Perhaps, given your comment below, this is just something that you mostly don't care about. Does this sort of thing just bucket into, "No, it can't do this sort of knowledge work now, but with sufficient recursive self-improvement, it will be able to do it later"? (I guess, in line with your stated AGI timelines?)
I don't know if it can do this kind of knowledge work, but I do expect that it will be able to short-order. I make no firm commitments on whether this will be the direct consequence of RSI (since labs are opaque about methodology), or if it'll be a simple consequence of further scaling and increasingly intensive RLVR.
(¿Por que no los dos?)
Either way, I think it's more likely than not the kind of problem you describe will be trivial within a year or two. My impression is that the models can just about do what you want them to do, but with significant frustration and wasted time on your part. That is already a very strong starting point, can you imagine asking GPT-4 to even attempt any of this and get working results?
Does it have to be a coding problem? I understand that there are time and financial constraints that prevent you from trying a lot of what is being requested, but I also understand @iprayiam3's criticism that it looks like you're cherry picking for something you thing the LLM can do. The problem is that for most people who aren't computer programmers they aren't going to be able to think of anything other than a piece of software that they wish existed but doesn't and ask you to write it from scratch, which is going to be cost prohibitive beyond the kind of textbook examples that were constructed for teaching purposes and don't address problems anyone is actually trying to solve. This seems like it should be marketing 101, but if you're trying to convince people that your product is worthwhile—and that's your stated goal—you have to show them that it will actually help them do something they want to do. If you tell me it can write code to fetch data from a REST API using asynchronous requests then I'll smile and nod but that's complete gibberish to me, and I won't know whether I should be impressed by it or not, or how that's supposed to improve my life.
A coding problem? Not strictly, no. I focused on coding because my collaborator SF (who is doing most of the work) is a programmer.
As you can see from discussion with Phailyoor and faul_sname, I'm open to other well-defined tasks.
So instead, I propose that we re-run the test I gave you last summer, because that is something I actually would use it for, and it obviously isn't too complicated.

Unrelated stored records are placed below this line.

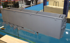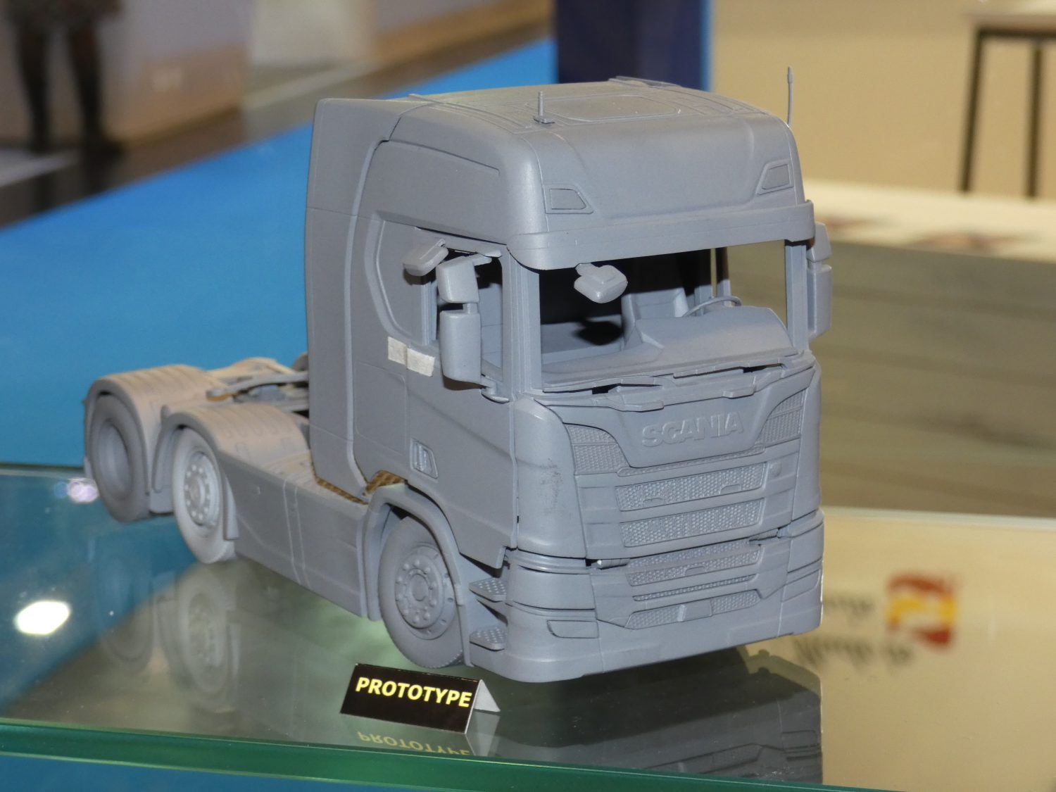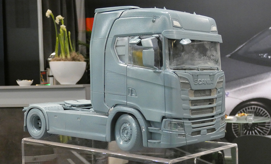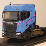 Vorig jaar verraste NZG met een enorme Mercedes Actros in 1:18 met naar keuze een containerchassis erachter of een autotransporter. Nu staat er op de stand een nog grof handmodel van de volgende 1:18 trekker, de Scania Next Gen. Te zien is dat het om de hoge S-cabine gaat maar een typeplaatje ontbreekt. Volgens medewerkers moet er nog wat ontwikkelingswerk gebeuren maar men hoopt de Scania begin 2021 op de markt te kunnen brengen.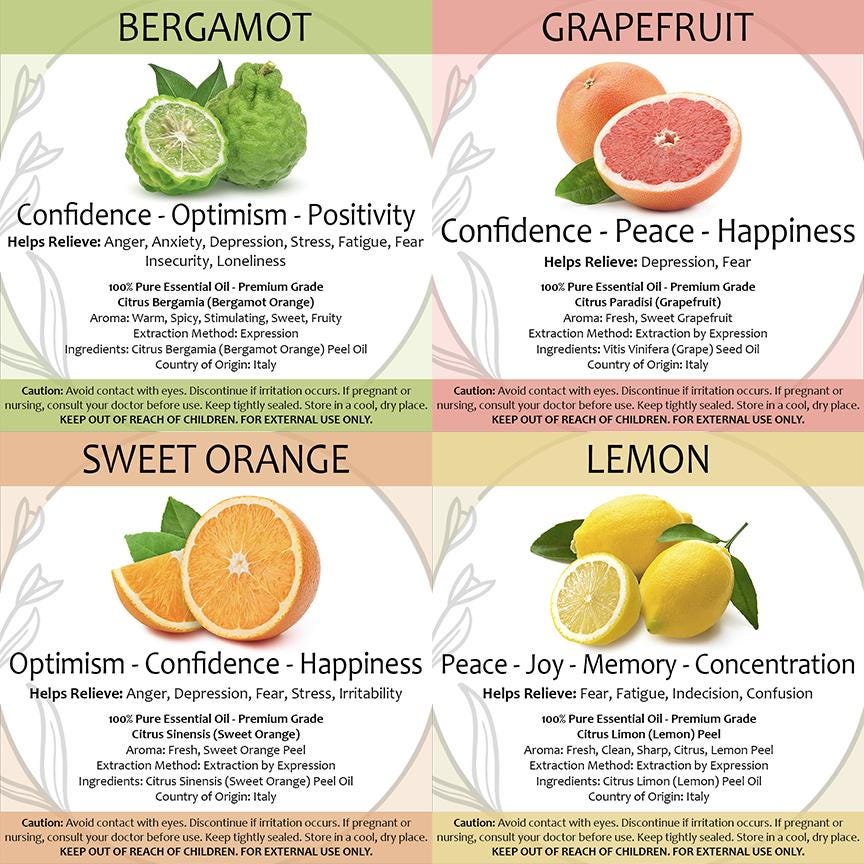 Includes all 4 citrus scents: Bergamot, grapefruit, sweet orange and lemon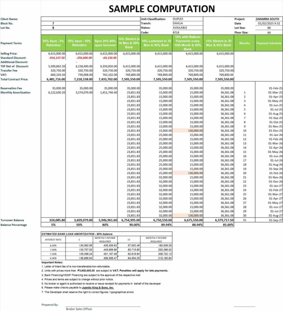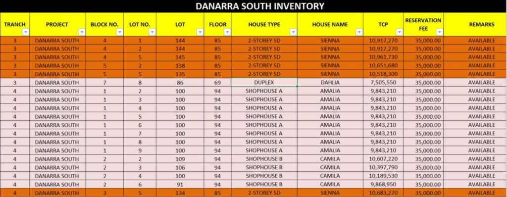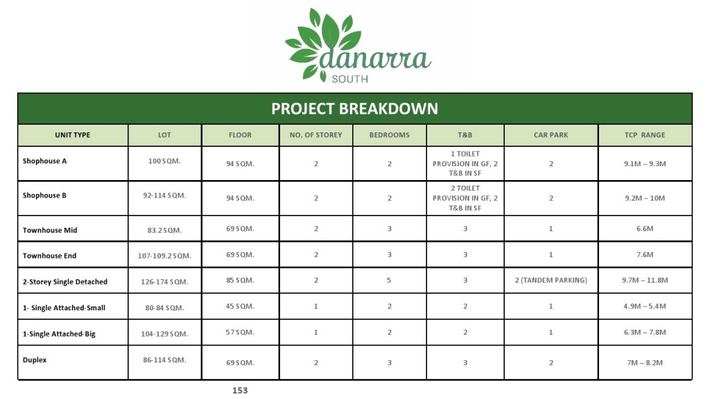 - Dahlia (Duplex): Two-storey with 3 bedrooms, 3 toilets and baths, living and dining area, kitchen, balcony, and 2 parking slots. Lot area: 86-114 sqm; Floor area: 68.60 sqm.

I started as soon as I read this. I'm running it on 5.2 Thinking and another instance using Agent mode (the model has access to a computer of its own with a browser). It's taking a while, so I'll ping you when I'm done. I tried to be faithful to your original framing, so I didn't mention that o3 tried and failed at the task, or your critiques shared later.
If this doesn't work, then sure, I can ask SF to consider using his Claude setup to try. Shouldn't be too onerous.
Another idea i had on similar lines would be for me to arbitrarily select a parcel of land in Westmoreland County, PA (selected because all of the recorded documents are available for free online) and see if it could download every deed in the chain of title going back 100 years. This particular task isn't hard to do but would be a proof of concept that it could possibly do more sophisticated work. I recognize that there are a number of scenarios that could arise that would completely flummox the LLM here. Given that, as a proof of concept I could run a few parcels in advance and preselect an easy one as proof of concept, though since LLM boosters like to brag about how powerful their models are I'm inclined to arbitrarily pick one without looking first and see how it does, especially since it cuts way down on the work I would need to do to verify the answer.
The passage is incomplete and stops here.